1. A modular closed air suspension air supply unit, characterized by, include: Valve block; An air supply module includes a drive motor mounted on the top surface of a valve block and a gas compression assembly mounted at the power output end of the drive motor for pressurizing air. The gas compression assembly is provided with an air inlet and several air outlets. A filter module for filtering the compressed gas output from the gas compression assembly; The gas supply module and the filter module are directly connected or connected through several quick-release gas delivery components. An electronic control module is electrically connected to the gas supply module. The electronic control module is fixed to the valve block by magnetic adhesive on the back, or by bolts, or is only electrically connected to the gas supply module. The gas compression assembly is a piston-cylinder structure, including an inertia wheel, connecting rod, piston, piston cylinder, and gas chamber.
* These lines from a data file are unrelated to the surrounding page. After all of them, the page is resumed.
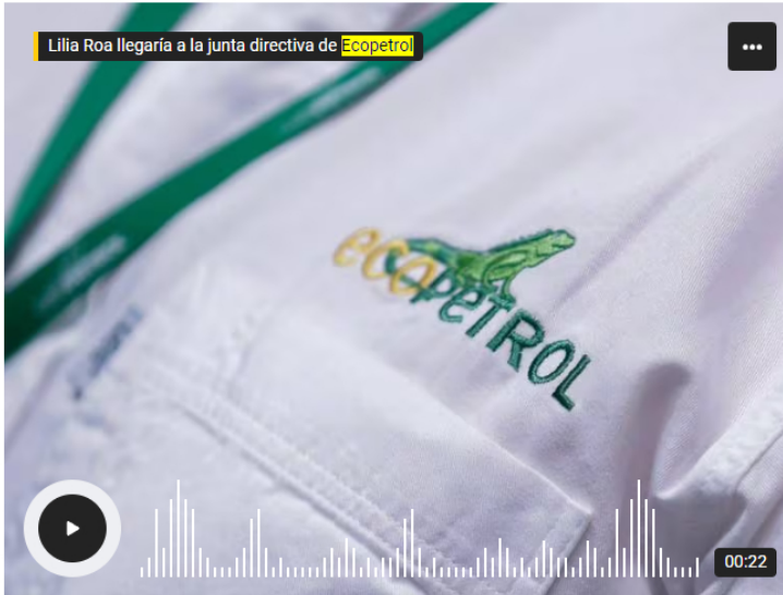
Camiseta con el logo de Ecopetrol

El nombre de Lilia Roa se conoce después de que Edwin Palma, uno de los nombres más opcionados como candidato para la junta directiva de Ecopetrol , fuera designado para ocupar la curul de Piedad Córdoba en el Senado.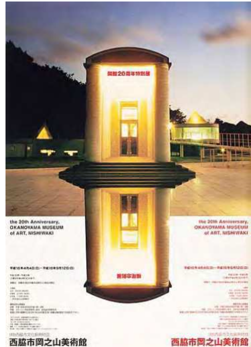
横尾忠則《開館20周年特別展 横尾忠則展(西脇市岡之山美術館)》2004年 | 72.8×51.5cm | オフセット・紙 横尾忠則現代美術館蔵

また、横尾の故郷、兵庫県西脇市にある西脇市岡之山美術館(1984)や、東京の横尾のアトリエ(1986)も磯崎の設計である。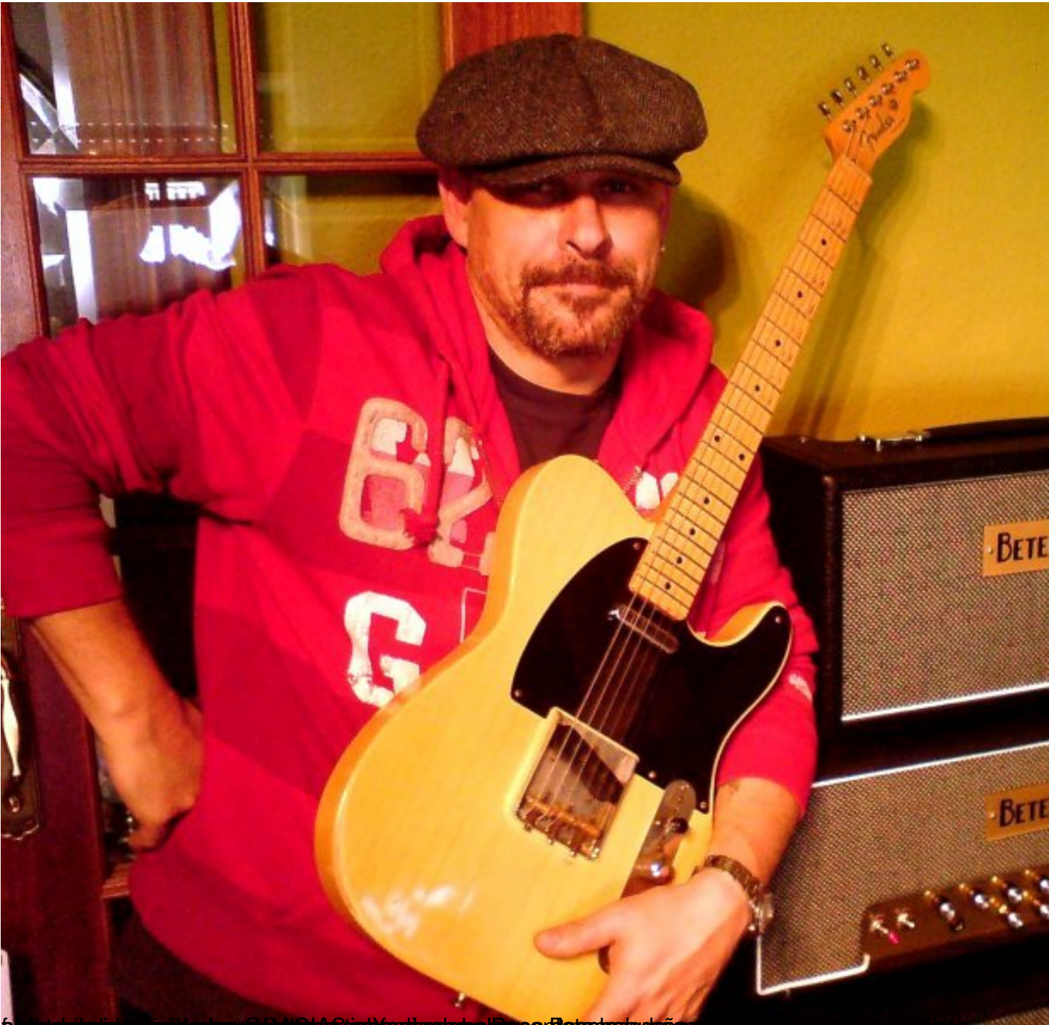
Figura más prominente en el mundo de la música en Chile. Ha sido el primer guitarrista en usar una guitarra eléctrica

Jueves, 05 de Febrero de 2009 00:49 - Actualizado Sábado, 07 de Febrero de 2009 20:20

The inertia wheel is mounted on the power output end of the drive motor, one end of the connecting rod is mounted on one side of the inertia wheel, the other end of the connecting rod is mounted on a piston, the piston cylinder is mounted along the piston reciprocating direction, and the air chamber is mounted on the output end of the piston cylinder. The filtration module includes a housing, a first filtration chamber and a second filtration chamber disposed inside the housing, and both the first filtration chamber and the second filtration chamber are provided with molecular sieves. The first filter chamber has a first filter inlet at its front end and a first filter outlet at its rear end. The second filter chamber has a second filter inlet at its tail end and a second filter outlet at its head end.

2. The modular closed air suspension air supply unit of claim 1, wherein, The quick-release air supply assembly includes a first connector disposed at the output end of the air outlet of the air supply module, an air supply pipe disposed at the output end of the first connector, and a second connector disposed on the filter module. The second connector is connected to the output end of the gas supply pipe.

3. The modular closed air suspension air supply unit of claim 2, wherein, The gas output terminal of the gas compression component is directly connected to the gas input terminal of the filter module.

4. The modular closed air suspension air supply unit of claim 3, wherein, A sealing cap is provided on the side of the gas chamber away from the piston, and the sealing cap is screwed to one side of the valve block.